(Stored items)
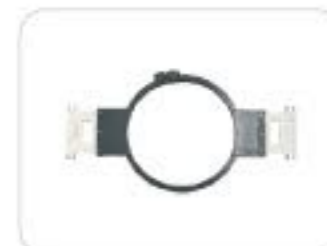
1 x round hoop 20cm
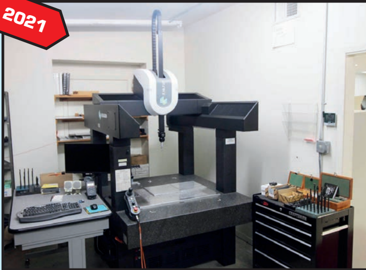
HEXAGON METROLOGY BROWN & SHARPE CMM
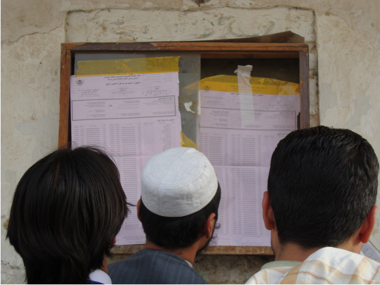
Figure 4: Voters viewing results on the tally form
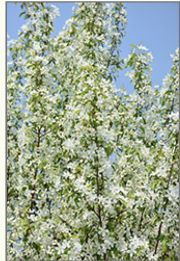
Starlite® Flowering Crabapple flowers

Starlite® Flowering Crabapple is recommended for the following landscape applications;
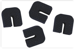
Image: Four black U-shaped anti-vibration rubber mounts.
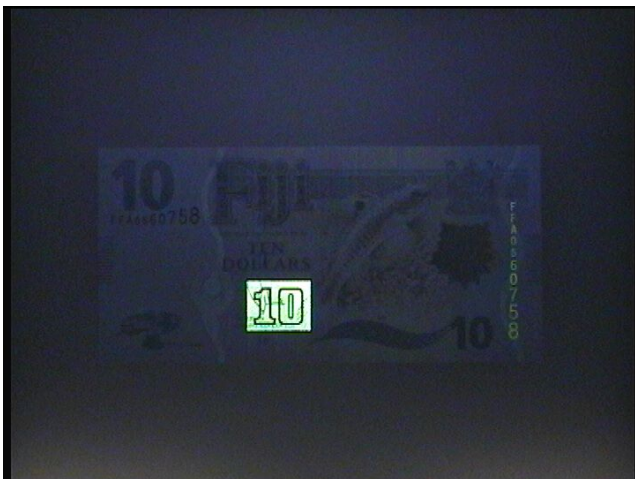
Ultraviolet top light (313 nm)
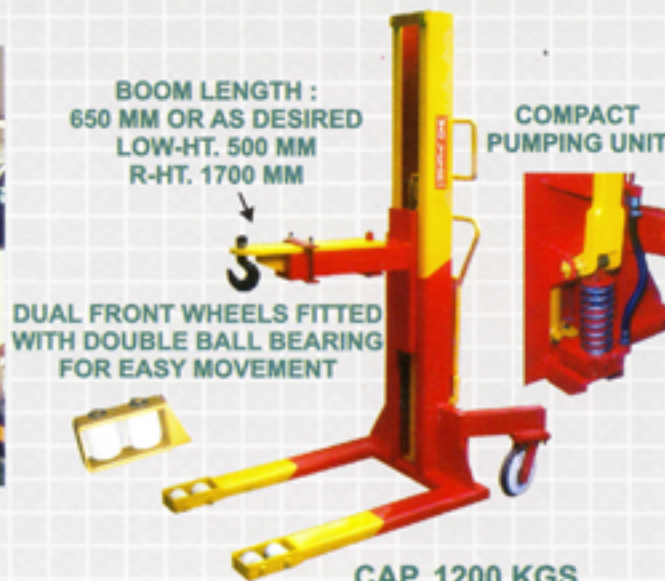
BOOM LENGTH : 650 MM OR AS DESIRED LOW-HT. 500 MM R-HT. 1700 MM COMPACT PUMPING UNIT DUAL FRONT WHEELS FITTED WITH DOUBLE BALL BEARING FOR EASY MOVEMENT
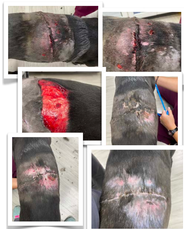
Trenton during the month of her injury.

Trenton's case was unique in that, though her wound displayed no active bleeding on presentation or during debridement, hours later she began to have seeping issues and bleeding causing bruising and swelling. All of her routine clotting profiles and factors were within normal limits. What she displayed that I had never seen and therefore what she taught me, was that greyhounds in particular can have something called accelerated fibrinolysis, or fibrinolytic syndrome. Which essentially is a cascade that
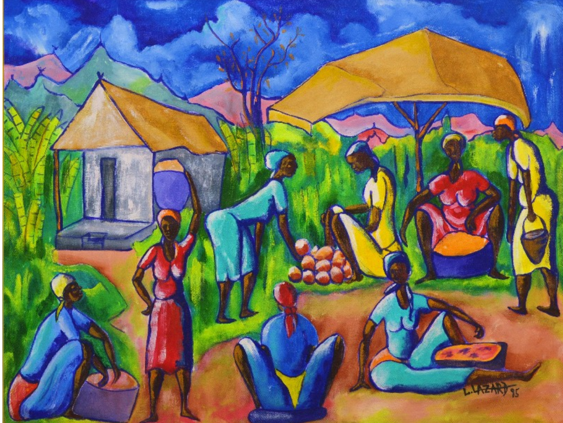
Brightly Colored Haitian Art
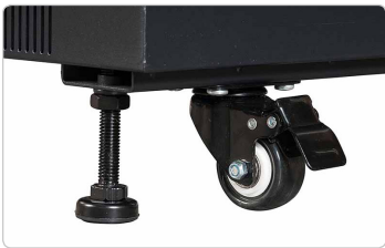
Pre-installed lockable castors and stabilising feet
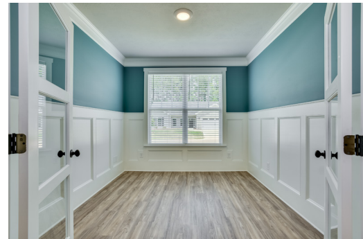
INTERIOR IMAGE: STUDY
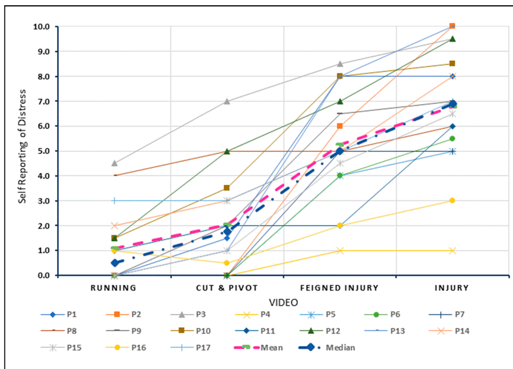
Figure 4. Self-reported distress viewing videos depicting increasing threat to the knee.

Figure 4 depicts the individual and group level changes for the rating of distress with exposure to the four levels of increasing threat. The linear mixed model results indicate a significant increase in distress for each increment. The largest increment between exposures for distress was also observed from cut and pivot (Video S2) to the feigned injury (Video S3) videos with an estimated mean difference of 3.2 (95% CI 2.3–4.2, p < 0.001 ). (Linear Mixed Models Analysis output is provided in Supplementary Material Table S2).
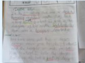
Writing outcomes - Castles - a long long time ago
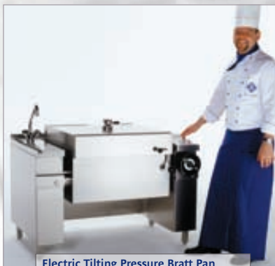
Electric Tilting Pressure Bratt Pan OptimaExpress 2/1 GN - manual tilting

--

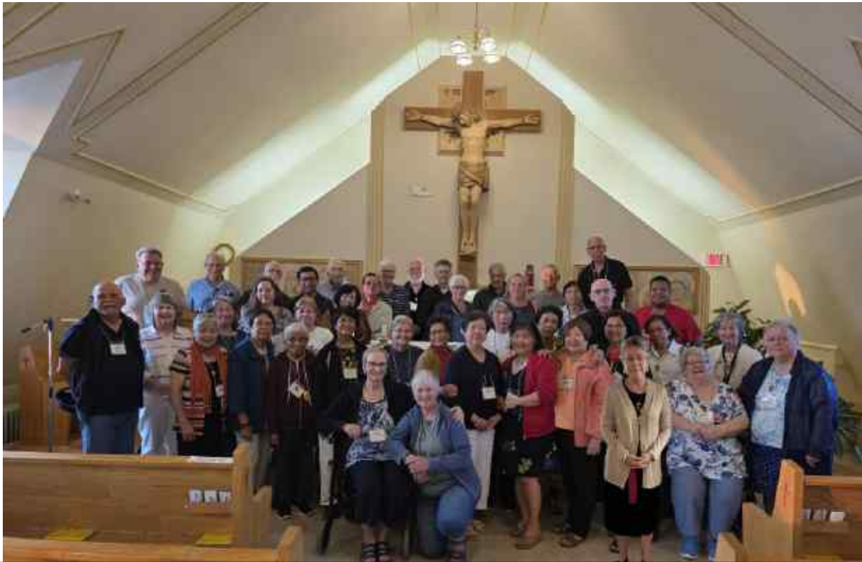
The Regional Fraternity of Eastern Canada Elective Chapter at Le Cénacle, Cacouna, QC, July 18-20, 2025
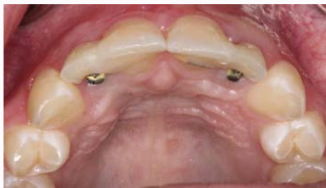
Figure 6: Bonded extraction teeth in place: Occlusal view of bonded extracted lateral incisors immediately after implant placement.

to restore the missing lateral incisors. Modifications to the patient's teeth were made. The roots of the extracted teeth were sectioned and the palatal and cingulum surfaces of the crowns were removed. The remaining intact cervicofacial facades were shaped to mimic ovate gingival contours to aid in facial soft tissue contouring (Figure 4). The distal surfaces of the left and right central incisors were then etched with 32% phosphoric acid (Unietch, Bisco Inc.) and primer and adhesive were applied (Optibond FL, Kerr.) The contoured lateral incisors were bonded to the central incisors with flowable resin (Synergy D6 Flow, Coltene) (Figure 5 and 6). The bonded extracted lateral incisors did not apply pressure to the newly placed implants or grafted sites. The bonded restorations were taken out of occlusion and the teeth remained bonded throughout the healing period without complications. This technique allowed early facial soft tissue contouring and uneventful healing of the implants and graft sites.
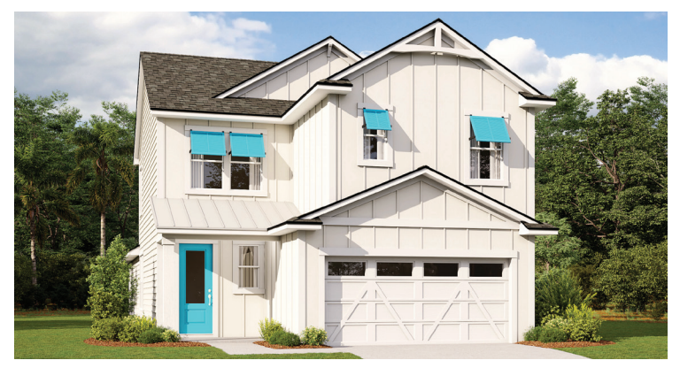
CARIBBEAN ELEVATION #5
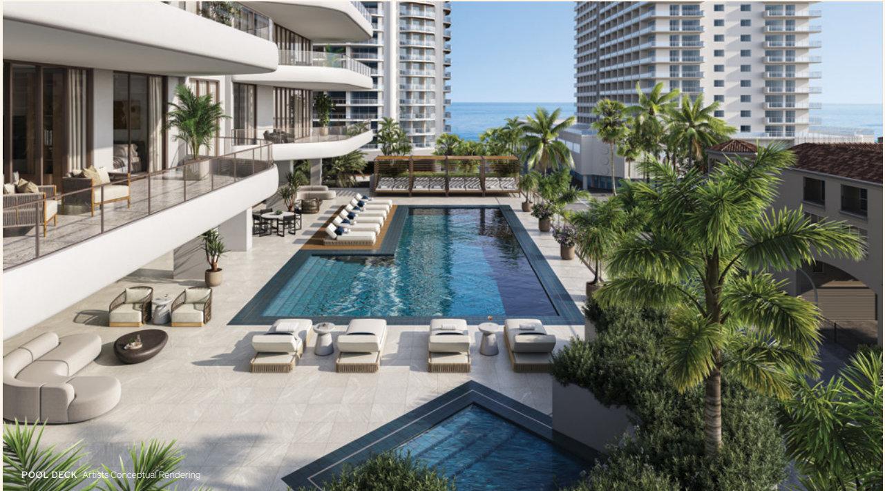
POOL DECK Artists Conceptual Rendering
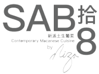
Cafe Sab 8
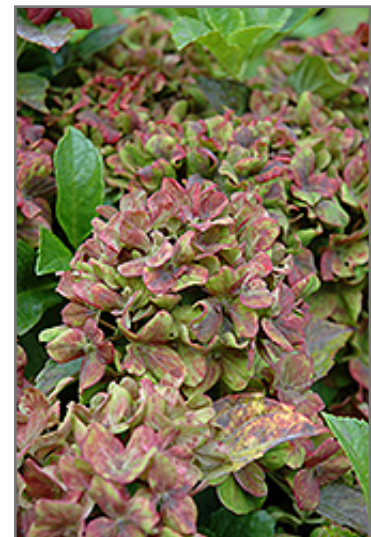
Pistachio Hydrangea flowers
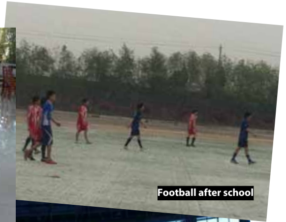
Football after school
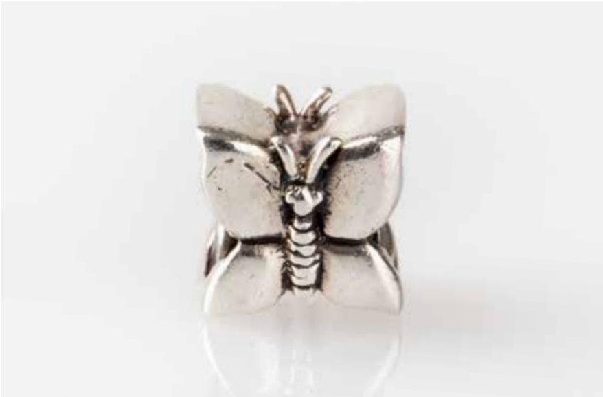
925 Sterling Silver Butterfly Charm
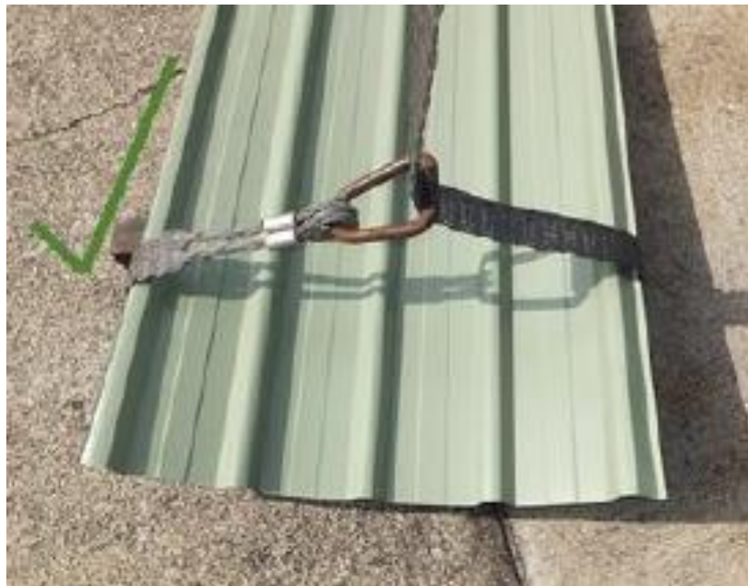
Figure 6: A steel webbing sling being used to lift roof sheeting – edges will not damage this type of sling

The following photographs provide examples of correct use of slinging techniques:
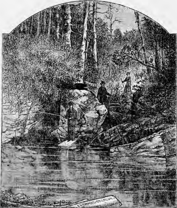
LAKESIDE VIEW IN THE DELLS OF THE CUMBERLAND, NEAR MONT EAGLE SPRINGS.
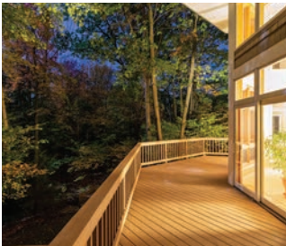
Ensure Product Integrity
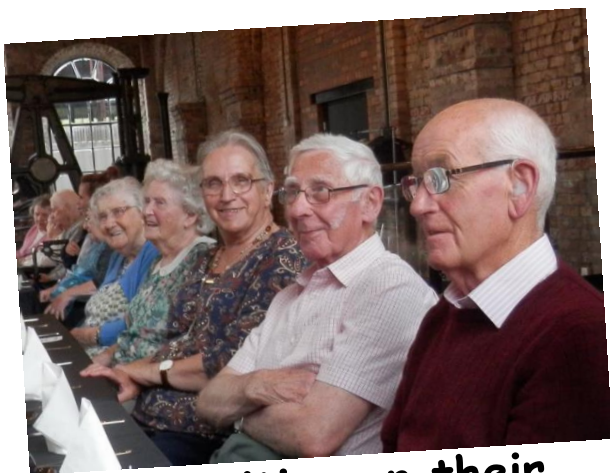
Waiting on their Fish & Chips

Assignment
All pictures are to be skipped. Output, word for word, the lines in the data above starting at the line containing "Ensure Product Integrity" and ending at the line containing "Waiting on their Fish & Chips".

Solution to the problem
Ensure Product Integrity
Waiting on their Fish & Chips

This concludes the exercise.